Dr. Anderson paused for a moment. “A blood transfusion. Yes, that would help!” He returned to his efforts. “But that can’t be arranged. It is . . .” he spoke in little pauses. “In a few places. . . not here yet. . . .”
“Then what’s the good of talking!” Donald said bitterly, but beneath his breath. He felt that he could tear down the very walls to save the patient, and yet nothing they could do could avail.
“She used up all her strength,” whispered the midwife.
Donald looked round the room, just coming out of a daze. He was an experienced student in midwifery at the Lane End Hospital, but this was the first time he had been present at a home confinement. All his textbook knowledge recoiled at the absence of light, air, space, and the hygienic and antiseptic hospital atmosphere to which he was accustomed.

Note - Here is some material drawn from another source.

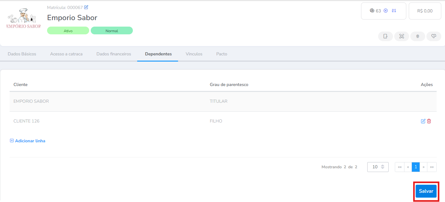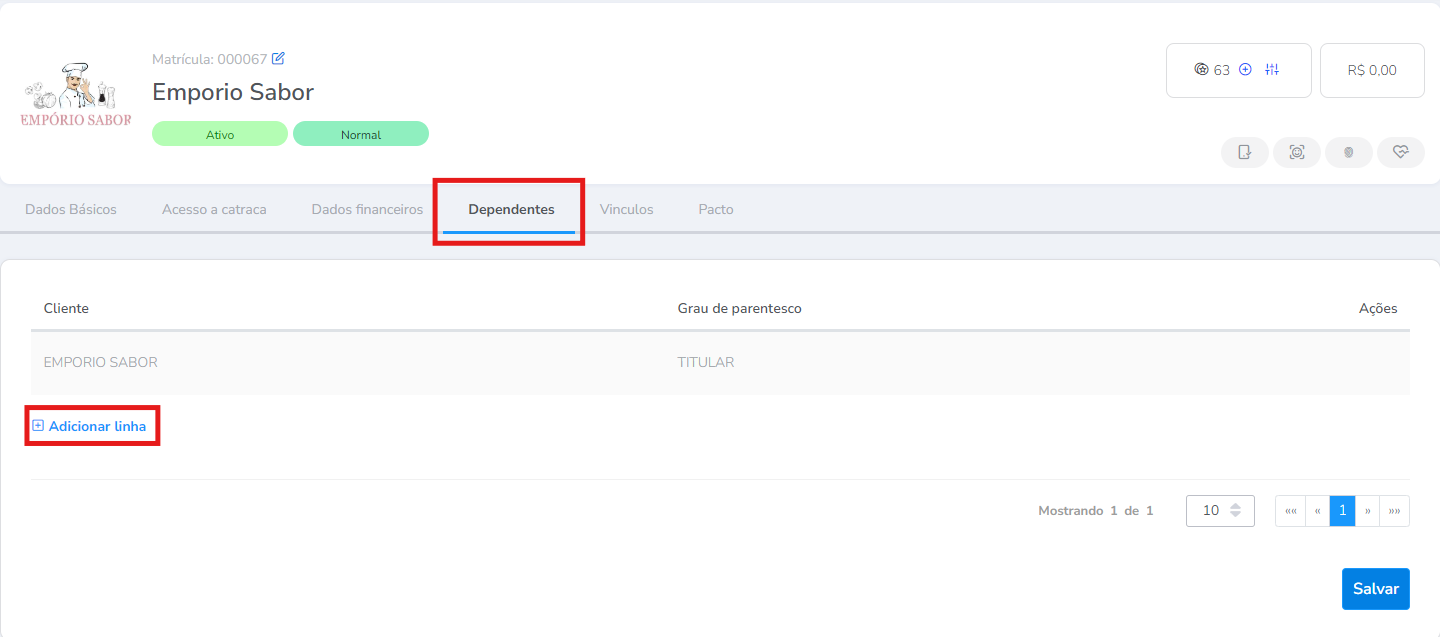 1. Clique na guia “Dependentes” para realizar a vinculação do aluno à empresa. Em seguida, selecione “Adicionar linha” para efetivar o vínculo;

Yet his father and the midwife seemed not to have noticed anything amiss. They’ve seen so much they’ve become blind, he thought angrily.
The bereaved husband still stood beside the door. Against his better judgment he hoped that these supreme beings who held the secret of life and death in their trained hands, might yet save his wife.
“You should have got a doctor sooner,” said Dr. Anderson quietly, coming out to the man to tell him that resignation must now take the place of hope.
“We couldn’t afford no doctors or specialists,” he said dully. Weeping was too easy for his sorrow.
Although there was nothing more to be done except write out a few formal words on a certificate, the Doctor and his son went over for the last time to the bedside. The work-worn hands were rested now, calm and unmoving.
With a shock, Donald noticed a clothes-basket on a chair near the bed, in which a bundle stirred lightly. “What a pity it survived!” he thought, then almost laughed at the irony of his thought. A pity that a new-born baby was alive and well! When the front page of every newspaper in the land was pleading, urging, demanding more babies.
Donald felt he could stand no more and abruptly left the place. As he ran down the uncarpeted stairs, he once more stumbled over the two young ones who had just been blessed with a new baby sister. They were sleeping, one against the other.
Dr. Anderson caught him up in the street. “Bad case of haemorrhage,” he said, conversationally.
“I’ll walk home, Dad,” said Donald, and left him standing beside the car in the wet, dark, silent street.